Black garlic is a whole garlic bulb that's been fermented over a period of a month. I've been playing around with it recently and really love the tangy flavour it brings to a dish. The downside is that the colour transfer can be less than ideal. So, this recipe doesn't make a bright orange soup - it's more the colour of pumpkin pie filling and benefits from a pretty garnish.
Halfway through this dish I was really disappointed in how it was coming together - the ginger was too hot and the black garlic gave off a funny aftertaste. But in trying to rescue it, the final touches of apple juice, cream and a bit of lemon suddenly transformed into an amazing soup!
I...er...had to stop myself from eating the whole batch for lunch. —Reiney
Grapeseed or vegetable oil
Ginger, peeled and chopped (40g)
Black garlic, whole
Carrots, peeled and chopped (about 5 medium)
Flour (omit for gluten-free)
Lemon, to taste
Salt, to taste
In This Recipe
Melt butter with oil in a saucepan over medium heat. Add onion and sweat with a pinch of salt until soft and golden (but not browned), about 5 minutes.

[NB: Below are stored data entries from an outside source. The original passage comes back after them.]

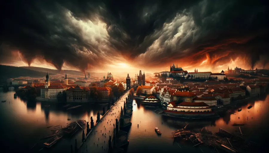 Apokalyptická vize Prahy vytvořená umělou inteligencí
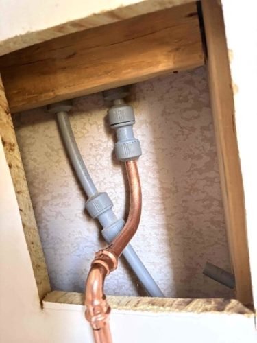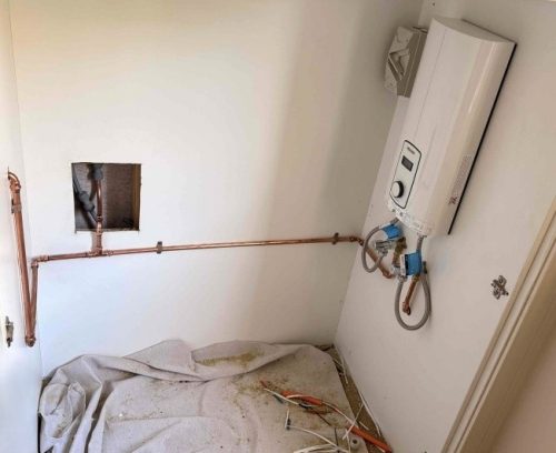 New copper pipework was routed neatly within the cabinetry, and an access point was created through the external wall for the cold-water feed. With precision and care, the new instantaneous unit was mounted securely, connected to both the cold mains and the hot outlet, and all access points were patched for a clean, professional finish.
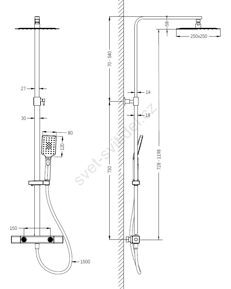 • Set se skládá z termostatické baterie z masivní mosazi.

Add ginger and continue to sweat for 3-5 minutes before adding both garlics. Cook garlic for a minute, taking care not to burn the white garlic.
Toss in the carrots and another pinch of salt. Stir over heat to soften briefly, about 3-5 minutes.
Next add the flour and stir it around to toast briefly as it combines with the fat. Then add the vegetable stock and bring to a simmer. Cook until the carrots are very soft, about 15-20 minutes (the gentler the better).
Puree the soup in a blender for at least 2 minutes, until very smooth. Ideally at this point you'll strain the soup through a fine-mesh strainer back into a clean pot, pushing on the fibers to have a perfectly smooth soup. But, hey, it's still going to taste good if you ignore this bit.
Reheat the soup and thin with the apple juice - at this point use your judgment for both taste and texture. If you want a thinner soup you may use even more apple juice (or a bit more veg stock). A good rule of thumb is to thin just until the soup completely disappears when drizzled into itself.
Season to taste with salt - I needed about 2 "three-finger" pinches. At this point the soup can be cooled and set in the fridge if making ahead, and then reheated to continue.
Just before serving, temper the cream into the hot soup.
To do this: remove the pan from the heat, pour the cream into a ladle and then swirl the bottom of the ladle in the hot soup, gradually mixing the two together. This gently heats the cream and prevents it from curdling.